From all other clients that support SSE transport - add the server to your config, for example in Cursor:

{ "mcpServers": { "root-signals": { "url": "http://localhost:9090/sse" } } }

with stdio from your MCP host

In cursor / claude desktop etc:

{ "mcpServers": { "root-signals": { "command": "uvx", "args": ["--from", "git+https://github.com/root-signals/root-signals-mcp.git", "stdio"], "env": { "ROOT_SIGNALS_API_KEY": "" } } } }

Usage Examples

1. Evaluate and improve Cursor Agent explanations

Let's say you want an explanation for a piece of code. You can simply instruct the agent to evaluate its response and improve it with Root Signals evaluators:

Use case example image 1

After the regular LLM answer, the agent can automatically

Use case example image 2

It can then automatically evaluate the second attempt again to make sure the improved explanation is indeed higher quality:

Use case example image 3

2. Use the MCP reference client directly from code

from root_mcp_server.client import RootSignalsMCPClient

async def main(): mcp_client = RootSignalsMCPClient()

try:
    await mcp_client.connect()
    
    evaluators = await mcp_client.list_evaluators()
    print(f"Found {len(evaluators)} evaluators")
    
    result = await mcp_client.run_evaluation(
        evaluator_id="eval-123456789",
        request="What is the capital of France?",
        response="The capital of France is Paris."
    )
    print(f"Evaluation score: {result['score']}")
    
    result = await mcp_client.run_evaluation_by_name(
        evaluator_name="Clarity",
        request="What is the capital of France?",
        response="The capital of France is Paris."
    )
    print(f"Evaluation by name score: {result['score']}")
    
    result = await mcp_client.run_evaluation(
        evaluator_id="eval-987654321",
        request="What is the capital of France?",
        response="The capital of France is Paris.",
        contexts=["Paris is the capital of France.", "France is a country in Europe."]
    )
    print(f"RAG evaluation score: {result['score']}")
    
    result = await mcp_client.run_evaluation_by_name(
        evaluator_name="Faithfulness",
        request="What is the capital of France?",
        response="The capital of France is Paris.",
        contexts=["Paris is the capital of France.", "France is a country in Europe."]
    )
    print(f"RAG evaluation by name score: {result['score']}")
    
finally:
    await mcp_client.disconnect()

3. Measure your prompt templates in Cursor

Let's say you have a prompt template in your GenAI application in some file:

summarizer_prompt = """ You are an AI agent for the Contoso Manufacturing, a manufacturing that makes car batteries.

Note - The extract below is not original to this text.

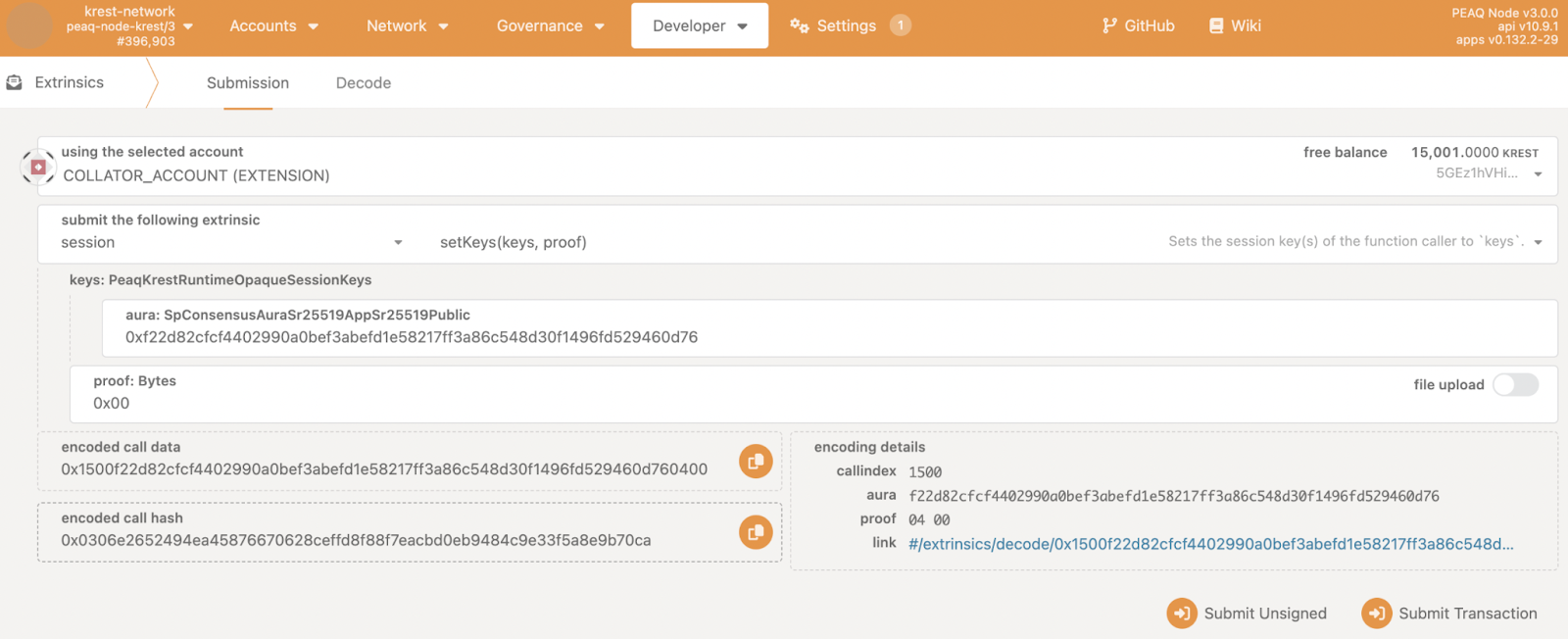 Enter the session keys using the response from author_rotateKeys in step 5 and set proof to “0x00”

As the agent, your job is to summarize the issue reported by field and shop floor workers. The issue will be reported in a long form text. You will need to summarize the issue and classify what department the issue should be sent to. The three options for classification are: design, engineering, or manufacturing.

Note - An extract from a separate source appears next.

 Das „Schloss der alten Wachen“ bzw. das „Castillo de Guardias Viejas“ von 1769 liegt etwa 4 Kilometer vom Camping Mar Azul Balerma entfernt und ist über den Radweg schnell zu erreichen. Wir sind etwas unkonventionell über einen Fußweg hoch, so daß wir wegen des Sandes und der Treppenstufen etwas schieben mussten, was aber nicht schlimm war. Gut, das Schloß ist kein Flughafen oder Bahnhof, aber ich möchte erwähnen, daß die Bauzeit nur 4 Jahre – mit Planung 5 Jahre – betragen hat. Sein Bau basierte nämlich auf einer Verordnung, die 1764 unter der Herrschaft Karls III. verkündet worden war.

Extract the following key points from the text:

Safety

user: {{problem}} """

You can measure by simply asking Cursor Agent: Evaluate the summarizer prompt in terms of clarity and precision. use Root Signals. You will get the scores and justifications in Cursor:

Prompt evaluation use case example image 1

For more usage examples, have a look at demonstrations

How to Contribute

Contributions are welcome as long as they are applicable to all users.

Minimal steps include:

  1. uv sync --extra dev
  2. pre-commit install
  3. Add your code and your tests to src/root_mcp_server/tests/
  4. docker compose up --build
  5. ROOT_SIGNALS_API_KEY=<something> uv run pytest . - all should pass
  6. ruff format . && ruff check --fix

Limitations

Network Resilience

Current implementation does not include backoff and retry mechanisms for API calls:

Bundled MCP client is for reference only

This repo includes a root_mcp_server.client.RootSignalsMCPClient for reference with no support guarantees, unlike the server. We recommend your own or any of the official MCP clients for production use.